— Problem to work on —
When you copy the data, keep every word exactly as it is and leave the pictures out.

— Stored data —

★ ★ ★ ★ ★

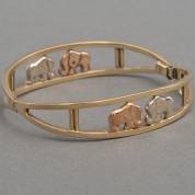 BWGG open stijve armband aan bakslot met veiligheidsachtje, en gedecoreerd met rosé- en witgouden olifantjes, gewicht 14,2 gram, binnenmaat circa 6 × 5 cm
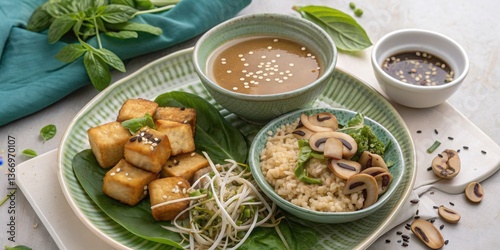 Savory and sweet Concept. Delicious Vegan Meal with Tofu, Couscous, Fresh Herbs, and Sesame Sauce on a Stylish Plate
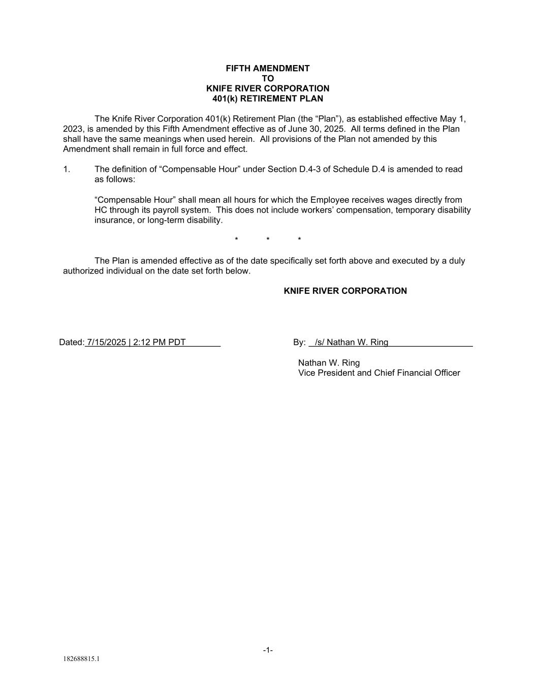 -1- 182688815.1 FIFTH AMENDMENT TO KNIFE RIVER CORPORATION 401(k) RETIREMENT PLAN The Knife River Corporation 401(k) Retirement Plan (the “Plan”), as established effective May 1, 2023, is amended by this Fifth Amendment effective as of June 30, 2025. All terms defined in the Plan shall have the same meanings when used herein. All provisions of the Plan not amended by this Amendment shall remain in full force and effect. 1. The definition of “Compensable Hour” under Section D.4-3 of Schedule D.4 is amended to read as follows: “Compensable Hour” shall mean all hours for which the Employee receives wages directly from HC through its payroll system. This does not include workers’ compensation, temporary disability insurance, or long-term disability. * * * The Plan is amended effective as of the date specifically set forth above and executed by a duly authorized individual on the date set forth below. KNIFE RIVER CORPORATION Dated: 7/15/2025 | 2:12 PM PDT By: /s/ Nathan W. Ring Nathan W. Ring Vice President and Chief Financial Officer

★ ★ ★ ★ ★

— Written solution —
 BWGG open stijve armband aan bakslot met veiligheidsachtje, en gedecoreerd met rosé- en witgouden olifantjes, gewicht 14,2 gram, binnenmaat circa 6 × 5 cm
 Savory and sweet Concept. Delicious Vegan Meal with Tofu, Couscous, Fresh Herbs, and Sesame Sauce on a Stylish Plate
 -1- 182688815.1 FIFTH AMENDMENT TO KNIFE RIVER CORPORATION 401(k) RETIREMENT PLAN The Knife River Corporation 401(k) Retirement Plan (the “Plan”), as established effective May 1, 2023, is amended by this Fifth Amendment effective as of June 30, 2025. All terms defined in the Plan shall have the same meanings when used herein. All provisions of the Plan not amended by this Amendment shall remain in full force and effect. 1. The definition of “Compensable Hour” under Section D.4-3 of Schedule D.4 is amended to read as follows: “Compensable Hour” shall mean all hours for which the Employee receives wages directly from HC through its payroll system. This does not include workers’ compensation, temporary disability insurance, or long-term disability. * * * The Plan is amended effective as of the date specifically set forth above and executed by a duly authorized individual on the date set forth below. KNIFE RIVER CORPORATION Dated: 7/15/2025 | 2:12 PM PDT By: /s/ Nathan W. Ring Nathan W. Ring Vice President and Chief Financial Officer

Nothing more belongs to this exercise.